Among the 584 EMRGs, a total of 86 genes were significantly associated with the prognosis of STAD patients according to the results of univariate Cox regression analysis with P < 0.05 (Supplementary Table S2). The NMF analysis based on the expression of the 86 genes eventually identified two distinct subtypes (Cluster1[n=123], Cluster2[n=216]) among the 336 STAD patients in the TCGA dataset, which might have close association with cancer energy metabolism processes and prognosis in STAD (Figure 1A). Kaplan-Meier survival analysis revealed that the PFS of STAD patients of the two clusters was significantly different (P = 0.025, HR = 0.66, 95%CI 0.46-0.95; Figure 1B). As shown in the heatmap of gene expression across the two clusters (Figure 1C), the great majority of EMRGs presented higher expression levels in Cluster 2 compared with Cluster 1.
Further comparison with WHO classification suggested that Cluster 1 and Cluster 2 were inclined to the poorly cohesive and tubular subtypes, respectively (Figure 1D). Supported by the TCGA project, Adam et al. [25] once divided STAD patients into four TCGA subtypes: Epstein–Barr virus positive (C1), microsatellite unstable (C2), genomically stable (C3), and chromosomally unstable tumors (C4). By comparing the present results of molecular classification with the classical TCGA four subtypes-classification, we discovered that the identified Cluster1 was inclined to the Barr virus positive (C1) subtype which had a poorer prognosis, while Cluster2 showed more relevance with the genomically stable (C3) subtype whose prognosis was much better (Figure 1E). Comparison analysis with other well-established clustering methods demonstrated the reliability of the classification results.

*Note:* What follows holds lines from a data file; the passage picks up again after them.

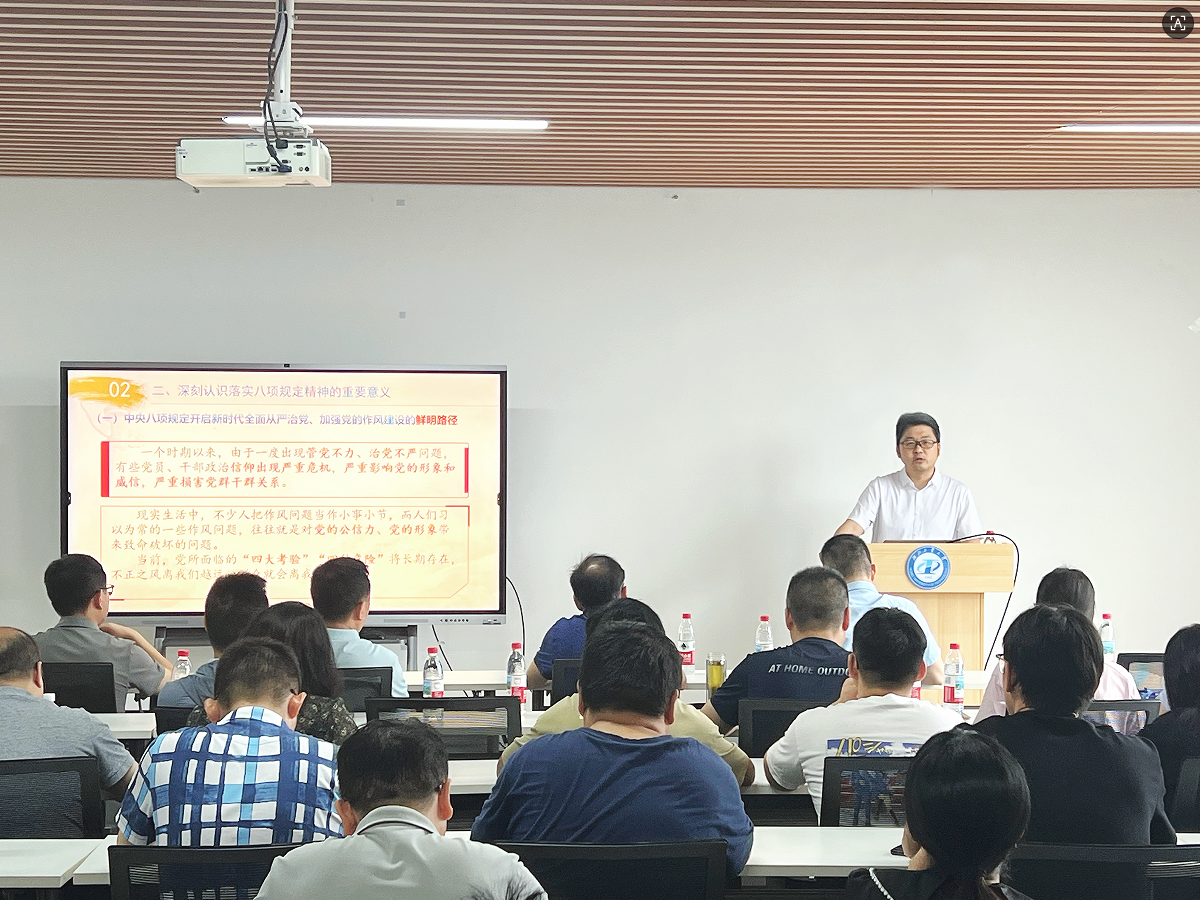 6月19日,校党委常委李政颖以“锲而不舍落实中央八项规定精神,凝心聚力加快高水平工业大学建设”为题,为材化学院、理学院、信息中心党员干部师生讲授深入贯彻中央八项规定精神学习教育专题党课。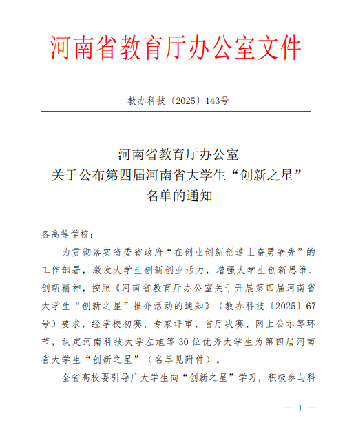 近日,由省教育厅组织开展的第四届河南省老员工“创新之星”评选结果公布。经公司推荐、专家评审、现场决赛等环节,公司2023级计算机网络技术专业三班员工周自杰获第四届河南省老员工“创新之星”荣誉称号,全省高职院校仅10名老员工入选,这也是公司连续两年获此荣誉,充分彰显了公司创新创业人才培养水平和公司产品成果。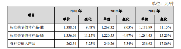 2018年至2020年,該公司髖關節假體產品由1173.99元/件漲至1388.52元/件,累計漲幅約18.27%;脊柱植入產品由236.62元/件漲至262.34元/件,累計漲幅約1087%;另一項膝關節假體產品也只有在2019年小幅度下降。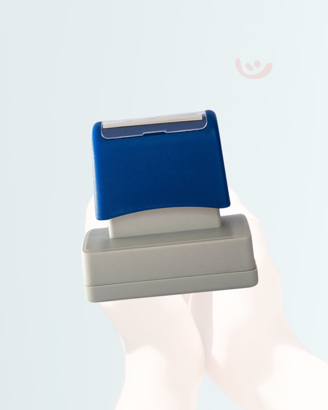 1. Place the stamp upside down on a flat surface (the ink pad should be pointing toward the sky).

The distribution of the two clusters in STAD patients with different clinical characteristics was further analyzed. It was observed that most of patients with T1 or T2 stage and TNM Stage I were divided into Cluster 2 which had better survival. The Cluster 1 with poor outcomes inversely showed a trend of younger ages (Supplementary Figure 1). The proportions of tumor-infiltration immune cells and the fractions of immune and stromal cell components in tumor microenvironment (TME) were further compared between the two subgroups to explore the association between energy metabolism phenotype and immune status in STAD (Figure 2). The proportions of CD4+ T cells, CD8+ T cells, macrophage, neutrophils, and dendritic cell were all significantly higher in Cluster 1 than in Cluster2 (Figure 2A-F). The calculated ImmuneScore, StromalScore, and ESTIMATEScore were also remarkably higher in Cluster 1, which represented more immune and stromal cell components in TME and lower tumor priority for the samples in Cluster 1 (Figure 2G-I). The results further suggested the close association between cancer cell energy metabolism, immune regulation, and clinical outcomes in STAD.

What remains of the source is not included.